Through impact investment, we create a virtuous circle of empowerment, opportunity, and respect by connecting investors to underserved individuals and communities. I’d like to point out here that making opportunity available to all Americans doesn’t have to be a divisive issue. It’s a fact that some of the most successful community development tools, such as the Low-Income Housing Tax Credit and the New Markets Tax Credit, have been bi-partisan efforts supported by both Republicans and Democrats in the past.
Impact investing fits as a tool for economic growth that has no color – neither Red nor Blue. And I’m so glad our industry is finally getting some traction in the political sphere. I was excited to hear that Jonathan Greenblatt, a long time social entrepreneur and impact investing leader, was recently appointed to work with Melody Barnes, the head of Obama’s Domestic Policy Council. Jonathan will head the White House’s Office of Social Innovation and Civic Engagement where he will lead the Administration’s efforts to grow the Impact Economy.
I want more people – from all communities – to be involved in the Impact Economy.
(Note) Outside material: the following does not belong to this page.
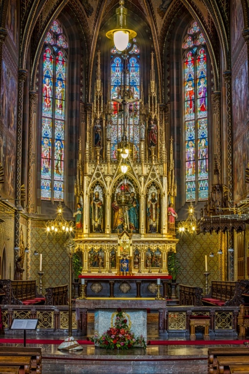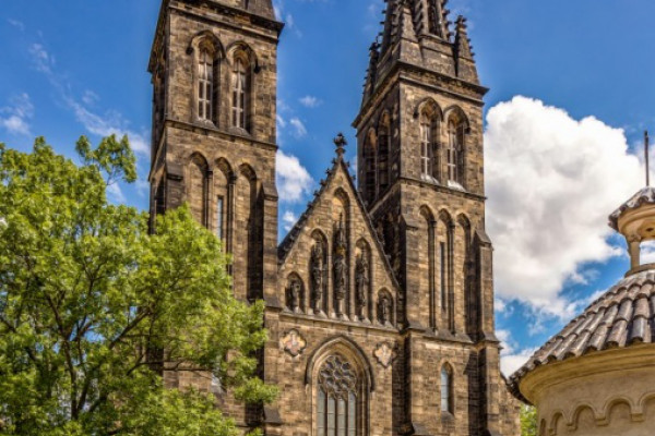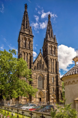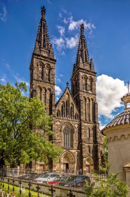 MÍSTO JUBILEJNÍHO SVATÉHO ROKU 2025 SPOJENÉHO S PLNOMOCNÝMI ODPUSTKY. Kapitulní chrám sv. apoštolů Petra a Pavla na Vyšehradě ve své nynější podobě je trojlodní pseudobazilika s kaplemi při bočních lodích, hloubkovým, trojboce uzavřeným kněžištěm se sakristií a kaplí na bočních stranách. Po stranách průčelí stojí dvojice věží. Fasády kostela mají náročnou novogotickou úpravu. Bohatě je upraveno zejména průčelí s portály a věže.

Every investor can be part of the solution to closing the wealth gap. We need to act. I believe as President Obama said in his speech last Saturday and as I would like to reiterate on behalf of Calvert Foundation and the impact investing industry:
“We have to do more to put people to work right now. We’ve got to make that everyone in this country gets a fair shake, and a fair shot, and a chance to get ahead. And I know we won’t get where we need to go if we don’t travel down this road together.”